The following content is copied from the email sent by Geoffrey House.

Pairwise gap deletion strategy for AMF clustering project

May 21, 2013

Yellow highlight – Same base; base position is counted in length

Red highlight – Different base; base position is counted in length

Green highlight – Skip this position (there is a gap in one or both of the sequences); base position not counted in length

Pink highlight - Skip this position (there is an ambiguous nucleotide in one or both of the sequences); base position not counted in length

Sequence 1: -ATG---WCT

Sequence 2: -TTGC--W-A

Sequence 3: GATGY---GT

Pairwise comparison 1 between sequences 1 and 2 (the length of the comparison is 4; 2 base positions are different):

-ATG---WCT

-TTGC--W-A

Pairwise comparison 2 between sequences 1 and 3 (the length of the comparison is 5; 1 base position is different):

-ATG---WCT

GATGY---GT

Pairwise comparison 3 between sequences 2 and 3 (the length of the comparison is 4; 2 base positions is different):

-TTGC--W-A

GATGY---GT

Tuesday, June 4, 2013

Phase Two of Phylogenetic Work

In this phase we received two sets of refined sequences. The sequences in these sets come from sequences, which we've been denoting as Kruger and Wittiya sequences. Posts on this blog hereupon will be referencing these new data sets unless noted otherwise.

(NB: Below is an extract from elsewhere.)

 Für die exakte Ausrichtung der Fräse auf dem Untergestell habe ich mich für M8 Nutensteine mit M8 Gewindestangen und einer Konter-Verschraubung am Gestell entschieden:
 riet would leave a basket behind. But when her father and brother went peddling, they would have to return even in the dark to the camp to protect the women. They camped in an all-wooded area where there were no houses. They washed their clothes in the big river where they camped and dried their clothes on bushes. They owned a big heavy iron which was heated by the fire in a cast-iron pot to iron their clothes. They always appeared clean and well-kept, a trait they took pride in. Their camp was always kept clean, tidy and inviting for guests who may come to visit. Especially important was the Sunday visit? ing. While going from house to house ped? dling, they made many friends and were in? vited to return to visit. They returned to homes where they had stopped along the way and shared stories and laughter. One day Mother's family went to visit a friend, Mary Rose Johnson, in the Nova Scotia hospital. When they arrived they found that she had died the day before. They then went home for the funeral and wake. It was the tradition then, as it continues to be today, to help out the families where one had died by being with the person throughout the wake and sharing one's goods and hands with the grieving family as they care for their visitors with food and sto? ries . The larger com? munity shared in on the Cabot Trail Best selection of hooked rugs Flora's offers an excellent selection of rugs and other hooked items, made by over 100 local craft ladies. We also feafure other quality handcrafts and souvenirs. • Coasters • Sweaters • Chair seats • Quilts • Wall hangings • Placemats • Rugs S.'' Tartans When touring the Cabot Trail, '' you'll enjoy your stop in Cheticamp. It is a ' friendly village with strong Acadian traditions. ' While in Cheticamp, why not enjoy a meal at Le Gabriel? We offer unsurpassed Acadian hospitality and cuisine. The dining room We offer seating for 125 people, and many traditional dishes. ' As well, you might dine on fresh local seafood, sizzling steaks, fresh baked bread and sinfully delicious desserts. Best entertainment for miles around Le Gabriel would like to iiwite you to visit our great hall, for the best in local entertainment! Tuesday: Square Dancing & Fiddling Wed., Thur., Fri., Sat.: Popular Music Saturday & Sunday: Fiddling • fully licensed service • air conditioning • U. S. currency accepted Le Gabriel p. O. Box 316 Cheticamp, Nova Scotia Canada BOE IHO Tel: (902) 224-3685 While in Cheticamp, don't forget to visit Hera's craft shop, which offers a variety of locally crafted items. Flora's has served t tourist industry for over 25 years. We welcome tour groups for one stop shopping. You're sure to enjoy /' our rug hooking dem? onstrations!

The sequences are already aligned using multiple sequence alignment and the we name the two data sets as 599Nts and 999Nts as they contain 599 and 999 base spans respectively in the aligned form. Total number of sequences in these sets are,

599Nts -- 1821 sequences
999Nts -- 1306 sequences

The description we received from our collaborators on this data is (copied from email conversation with Geoffrey House and modified for blog) is given below on the right with the graph.

We created the full sequence data set (for the large subunit (LSU) sequences only) by taking the aligned sequences that were used in Kruger et al 2012 (and that were 400-1300 bp long), and adding Wittaya's sequences to the existing alignment using MAFFT and its --add option.

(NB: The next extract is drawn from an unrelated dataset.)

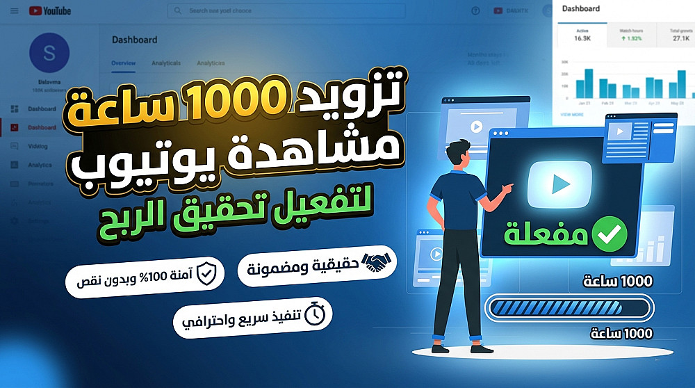 تفعيل الربح: 1000 ساعة مشاهدة حقيقية لقناتك على اليوتيوب بضمان.

We then made line graphs of the number of sequences that contained a base at each sequence position The top panel is the sequence coverage of the combined data set (Kruger and Wittaya), the middle panel graphs the sequence coverage of only the Kruger sequences within the combined data set, and the bottom panel graphs the sequence coverage of only the Wittaya sequences within the combined data set.

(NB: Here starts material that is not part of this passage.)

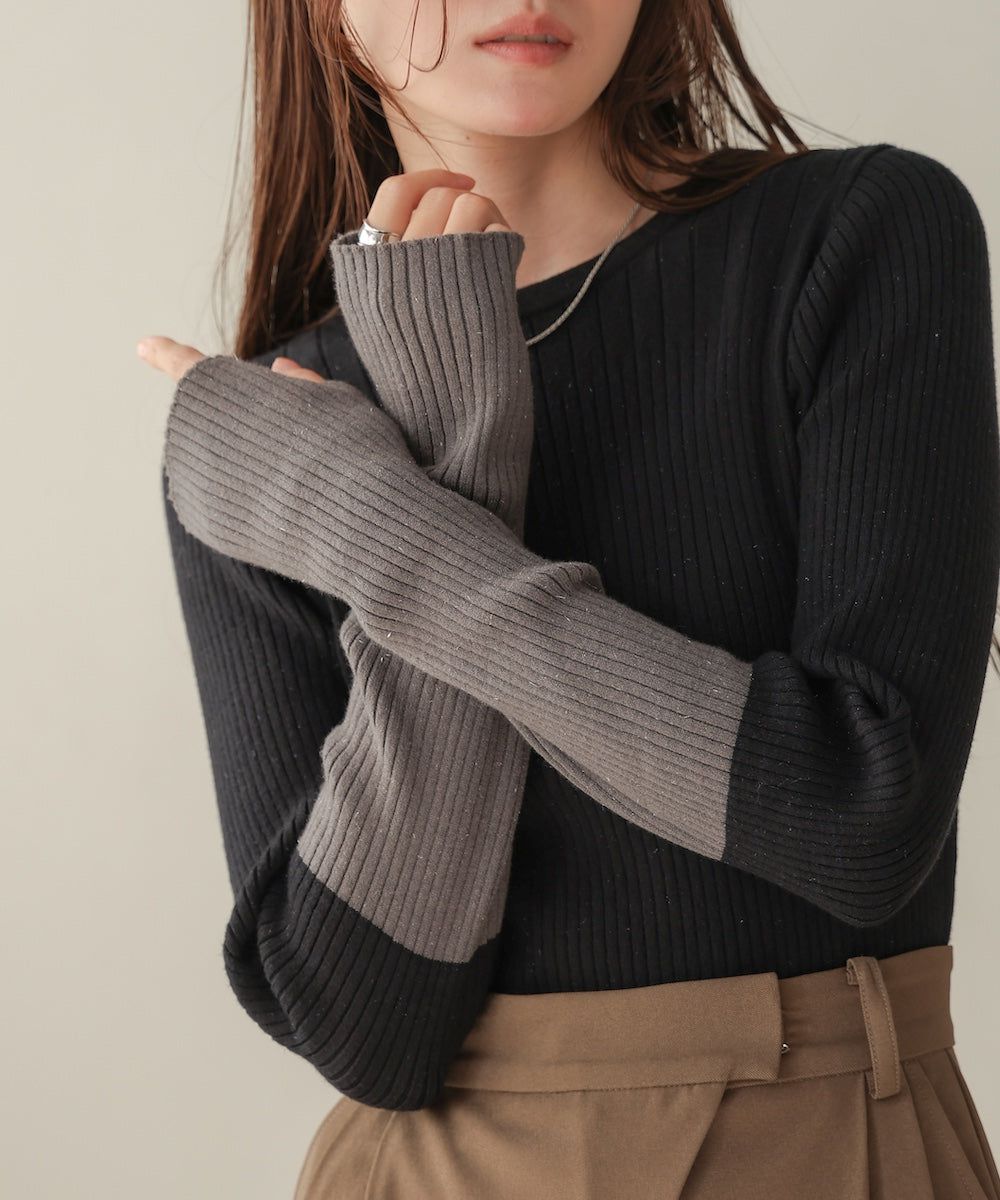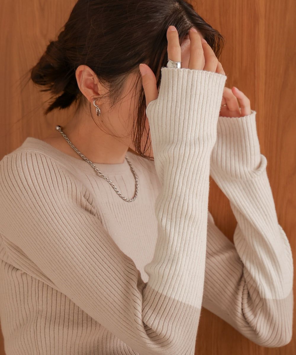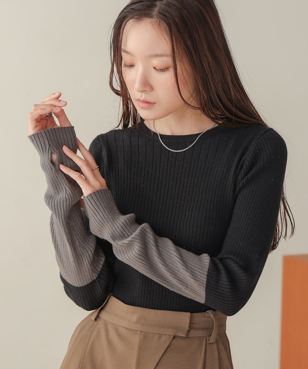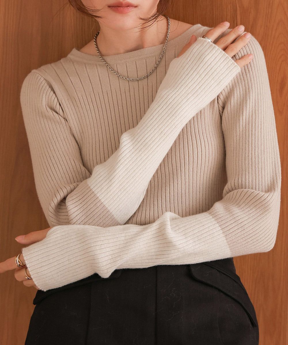 質感羅紋配色長袖上衣(指孔設計)
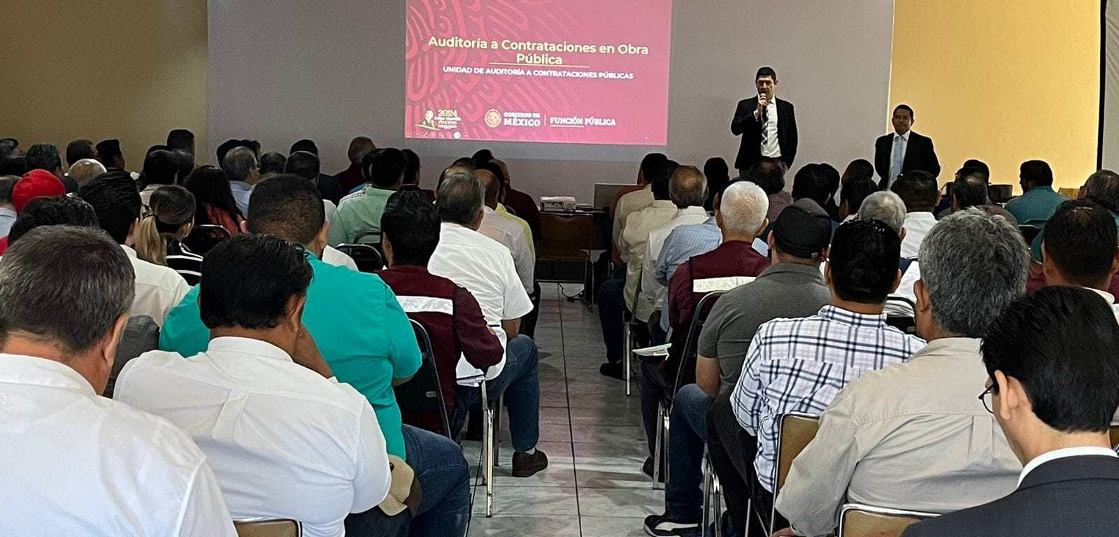 El primer tema se denominó «Auditoría a Contrataciones de Obra Pública» y fue impartido por la Unidad de Auditoría a Contrataciones Públicas, a cargo de León David García Rodríguez y Óscar Armando Reyes González.

From the graphs, we saw that a large number of sequences contained nucleotides along a 999 base span. Even more sequences contained nucleotides along a 499 base span that was nested within the 999 base span. The red rectangles above the top panel of the graph to denote the approximate sequence locations of these two different base length spans.

This is how we derived the two sets of sequences - one is all of the sequences that span the 499 bases, and the other is all of the sequences that span the 999 bases (which essentially represents a subset of the sequences spanning the 499 base length).

Finally for adding Wittaya's sequences to Kruger's, we used the default alignment option in MAFFT, which is very fast but possibly a bit rough. It is possible that we may need to slightly refine the MAFFT alignments later in the project to improve their accuracy, but that should have a fairly small effect on the length of the aligned sequences.